Stored entries:
=== Section Start ===
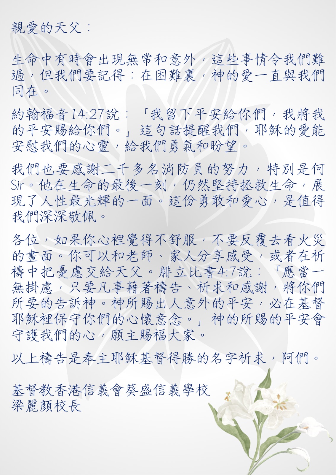 梁校長為大埔宏福苑火災禱告
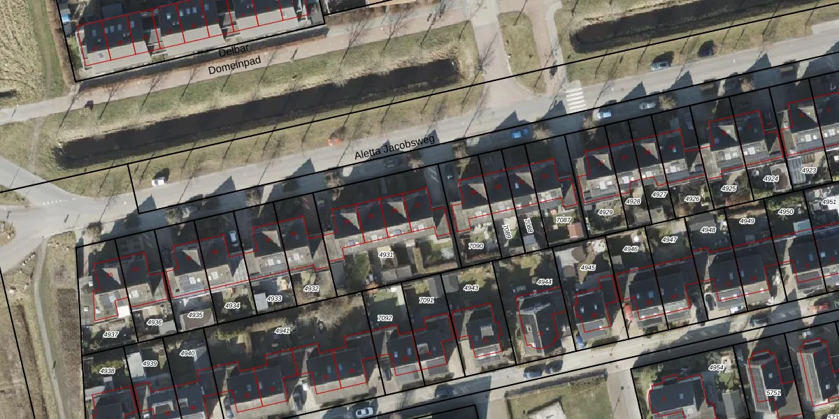 Het perceel waarop Aletta Jacobsweg 27 staat heeft een oppervlakte van 781 m². Dit is een groot perceel. De perceeloppervlakte wordt geregistreerd door het Kadaster. Gedetailleerde informatie over de maten van dit perceel kunt u vinden in het rapport Kadastrale kaart met maatvoering van Aletta Jacobsweg 27.
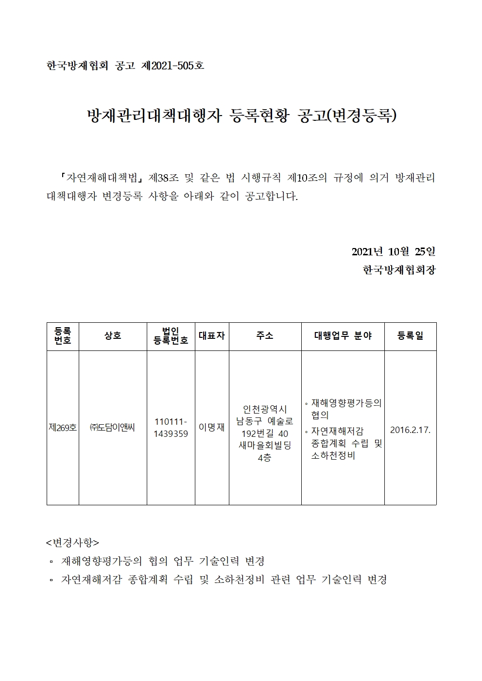 방재관리대책대행자 등록현황 공고(변경등록) - (주)도담이앤씨 2021-10-25 공고문_제2021-505호_방재대행자 등록현황 공고(변경)_(주)도담이앤씨.pdf (64848K) 목록보기 이전글방재관리대책대행자 등록현황 공고(변경등록) - 동부엔지니어링(주)2021.10.25 다음글방재관리대책대행자 등록현황 공고(변경등록) - (주)동국엔지니어링2021.10.25
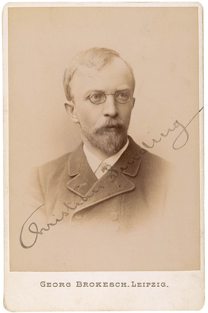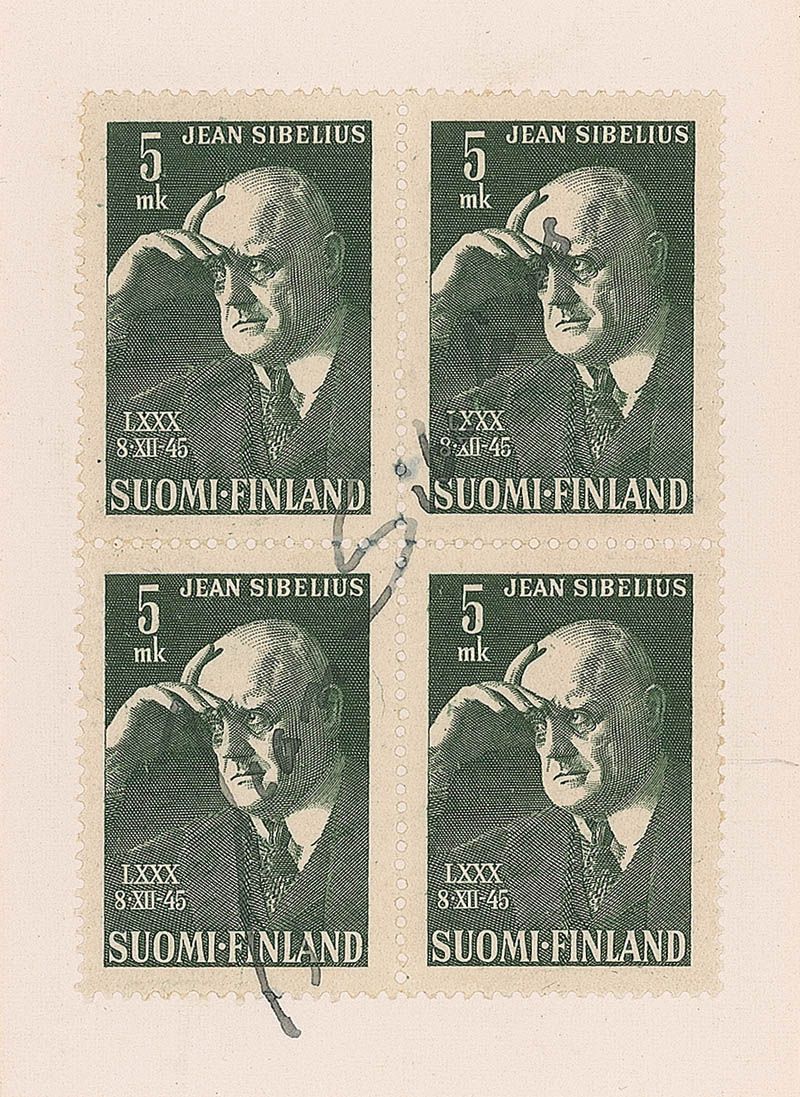 Two items: rare original 4.25 x 6.5 cabinet photo of Christian Sinding, by George Brokesch of Leipzig, signed across the image in black ink; and a block of four Finnish postage stamps honoring Jean Sibelius, signed in black ink. Moderate contrast to Sibelius’s signature, otherwise fine condition.
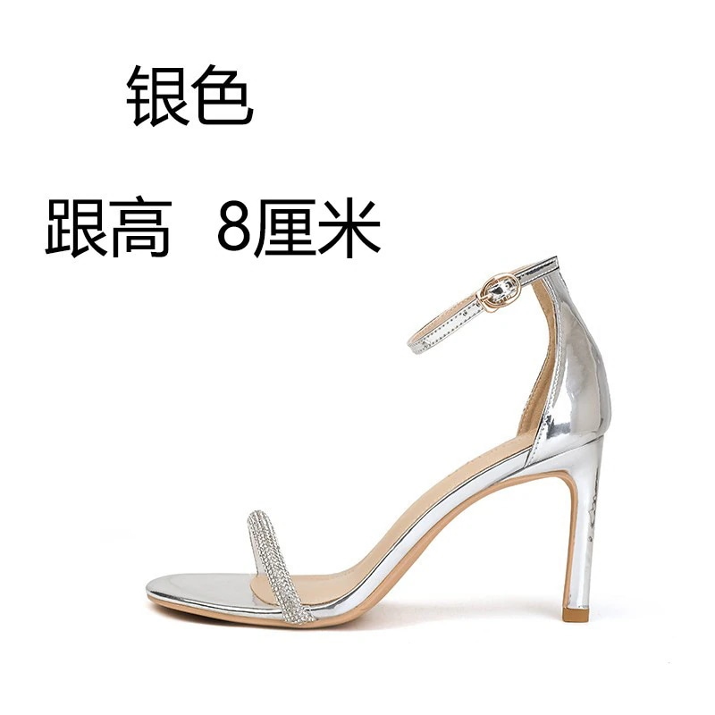 シルバーのストラップサンダル 2025年春夏新作 フェアリー風 上品で着回し自在なパテントレザー・ラインストーン付き細ヒールサンダル 女性用ウェッジソールサンダル
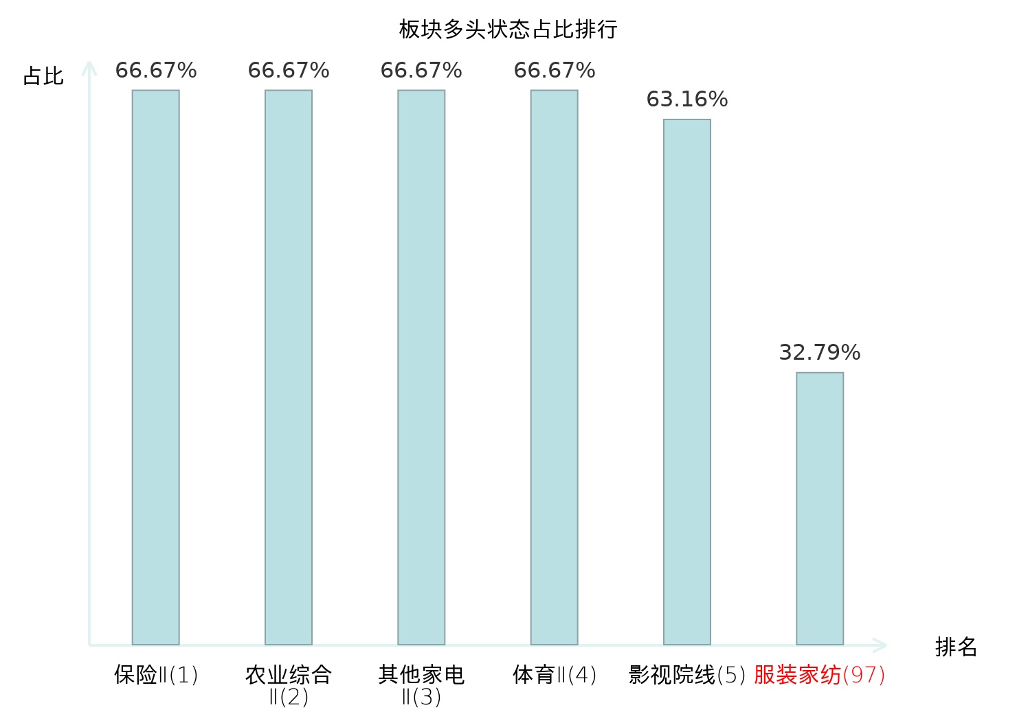 全市场所有行业板块中主力多头状态占比排名中,保险Ⅱ板块位居第一。冶钢原料板块名次提升最快,较昨日上升53位。
=== Section End ===
The task:
After removing the pictures, repeat the remaining records exactly.

Written reply:
 梁校長為大埔宏福苑火災禱告
 Het perceel waarop Aletta Jacobsweg 27 staat heeft een oppervlakte van 781 m². Dit is een groot perceel. De perceeloppervlakte wordt geregistreerd door het Kadaster. Gedetailleerde informatie over de maten van dit perceel kunt u vinden in het rapport Kadastrale kaart met maatvoering van Aletta Jacobsweg 27.
 방재관리대책대행자 등록현황 공고(변경등록) - (주)도담이앤씨 2021-10-25 공고문_제2021-505호_방재대행자 등록현황 공고(변경)_(주)도담이앤씨.pdf (64848K) 목록보기 이전글방재관리대책대행자 등록현황 공고(변경등록) - 동부엔지니어링(주)2021.10.25 다음글방재관리대책대행자 등록현황 공고(변경등록) - (주)동국엔지니어링2021.10.25
 Two items: rare original 4.25 x 6.5 cabinet photo of Christian Sinding, by George Brokesch of Leipzig, signed across the image in black ink; and a block of four Finnish postage stamps honoring Jean Sibelius, signed in black ink. Moderate contrast to Sibelius’s signature, otherwise fine condition.
 シルバーのストラップサンダル 2025年春夏新作 フェアリー風 上品で着回し自在なパテントレザー・ラインストーン付き細ヒールサンダル 女性用ウェッジソールサンダル
 全市场所有行业板块中主力多头状态占比排名中,保险Ⅱ板块位居第一。冶钢原料板块名次提升最快,较昨日上升53位。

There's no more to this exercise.